[Opening DATA SECTION section]
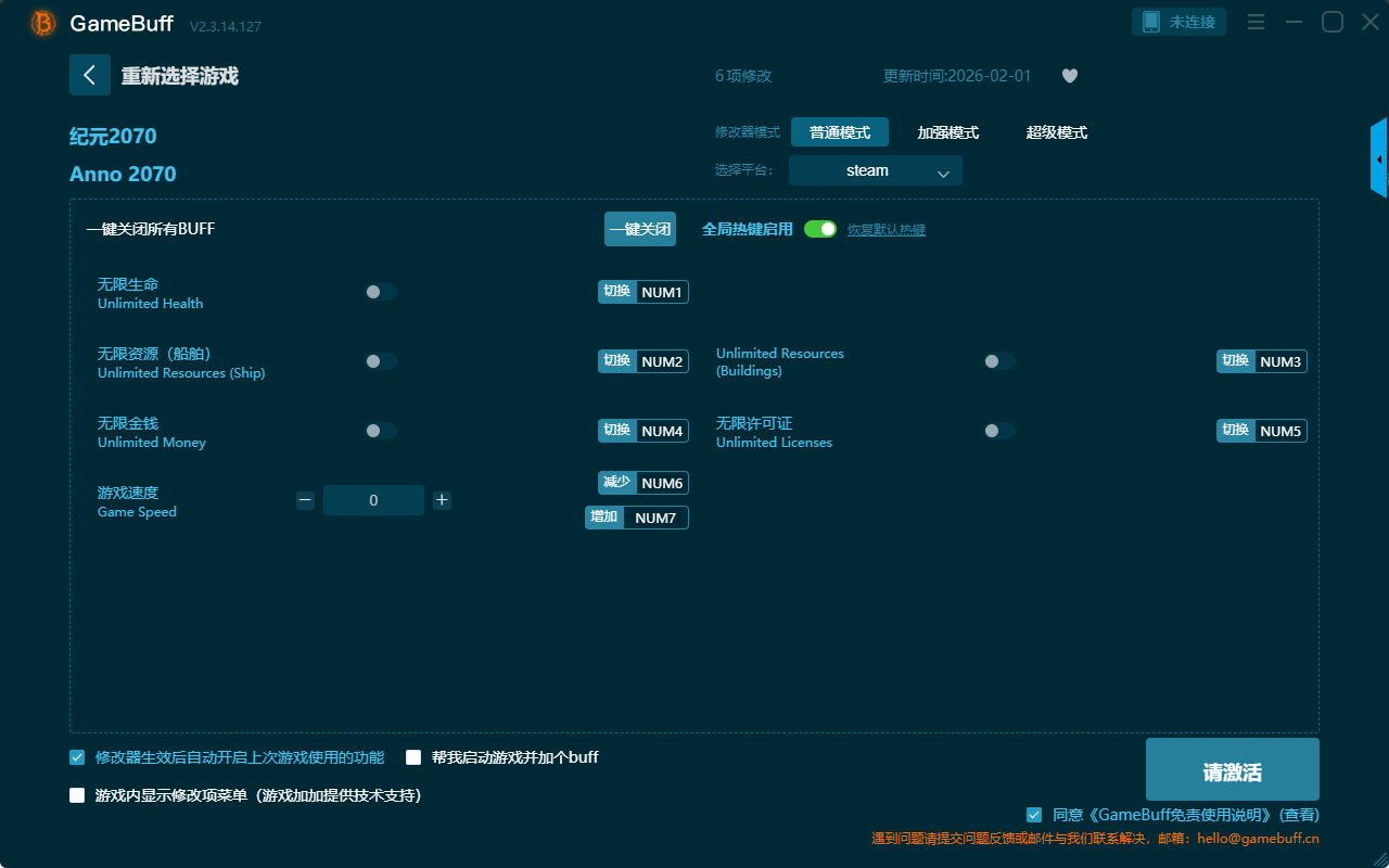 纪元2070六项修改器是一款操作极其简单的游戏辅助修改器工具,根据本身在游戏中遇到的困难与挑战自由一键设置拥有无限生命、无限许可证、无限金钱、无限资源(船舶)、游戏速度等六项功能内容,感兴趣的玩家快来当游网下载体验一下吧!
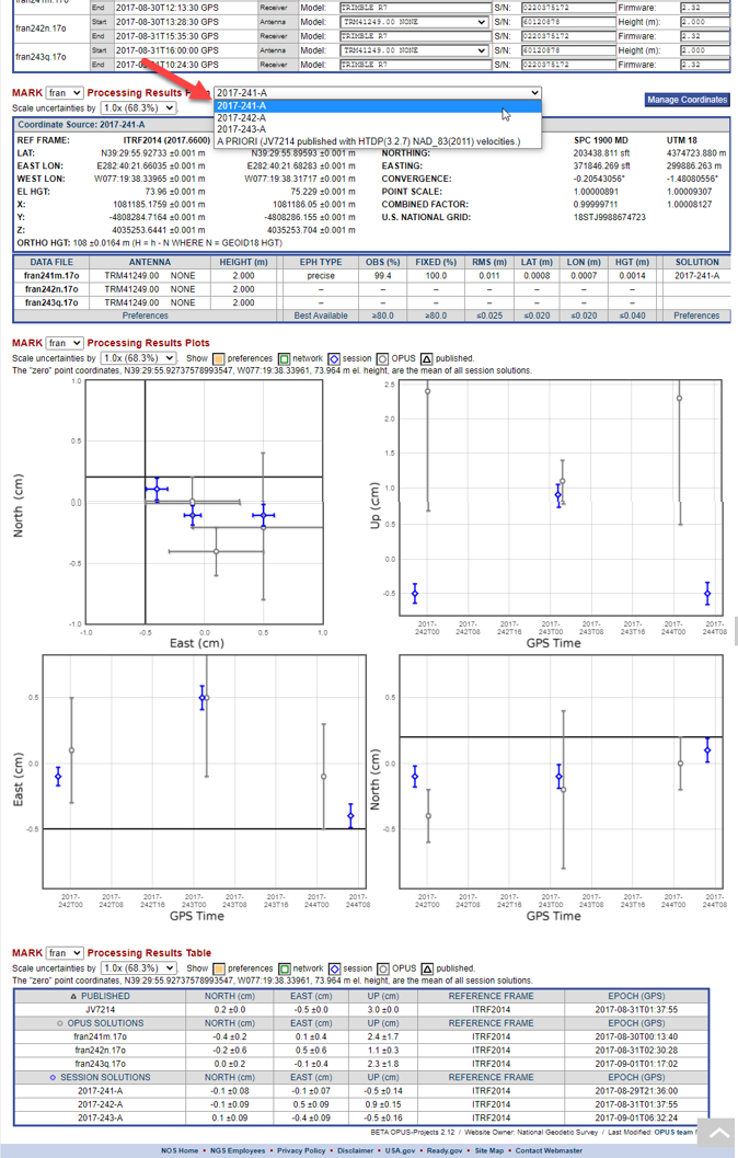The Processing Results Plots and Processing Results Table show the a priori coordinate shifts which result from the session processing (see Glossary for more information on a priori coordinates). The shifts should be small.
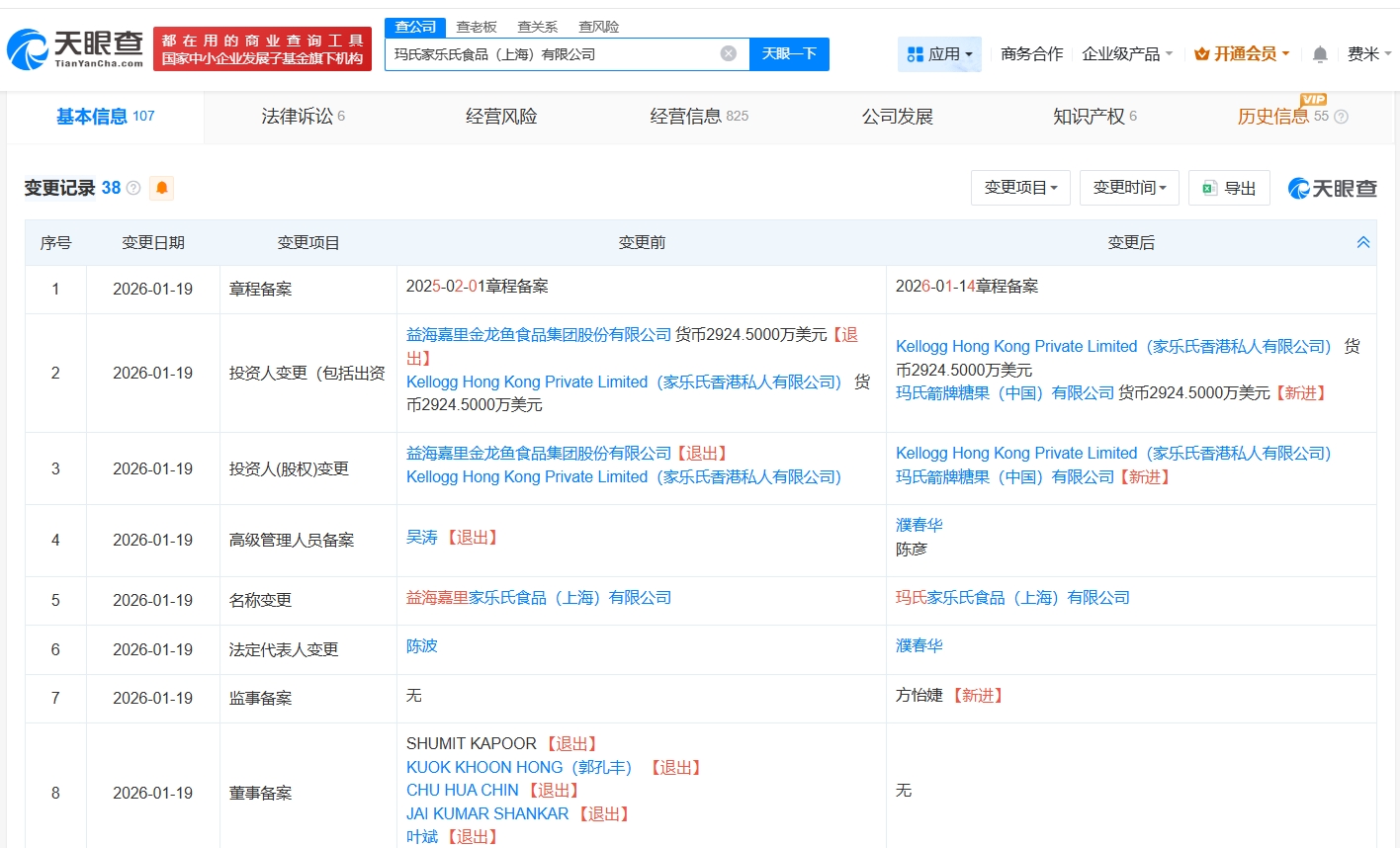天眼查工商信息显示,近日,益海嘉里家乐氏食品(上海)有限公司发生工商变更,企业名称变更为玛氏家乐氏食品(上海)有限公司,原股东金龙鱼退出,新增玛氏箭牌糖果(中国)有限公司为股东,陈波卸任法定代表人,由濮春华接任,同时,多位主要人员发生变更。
[Closing DATA SECTION section]
Where a picture appears, skip it and copy the rest of the data word for word.

__SOLUTION FOR THIS EXERCISE__.
 纪元2070六项修改器是一款操作极其简单的游戏辅助修改器工具,根据本身在游戏中遇到的困难与挑战自由一键设置拥有无限生命、无限许可证、无限金钱、无限资源(船舶)、游戏速度等六项功能内容,感兴趣的玩家快来当游网下载体验一下吧!
The Processing Results Plots and Processing Results Table show the a priori coordinate shifts which result from the session processing (see Glossary for more information on a priori coordinates). The shifts should be small.
天眼查工商信息显示,近日,益海嘉里家乐氏食品(上海)有限公司发生工商变更,企业名称变更为玛氏家乐氏食品(上海)有限公司,原股东金龙鱼退出,新增玛氏箭牌糖果(中国)有限公司为股东,陈波卸任法定代表人,由濮春华接任,同时,多位主要人员发生变更。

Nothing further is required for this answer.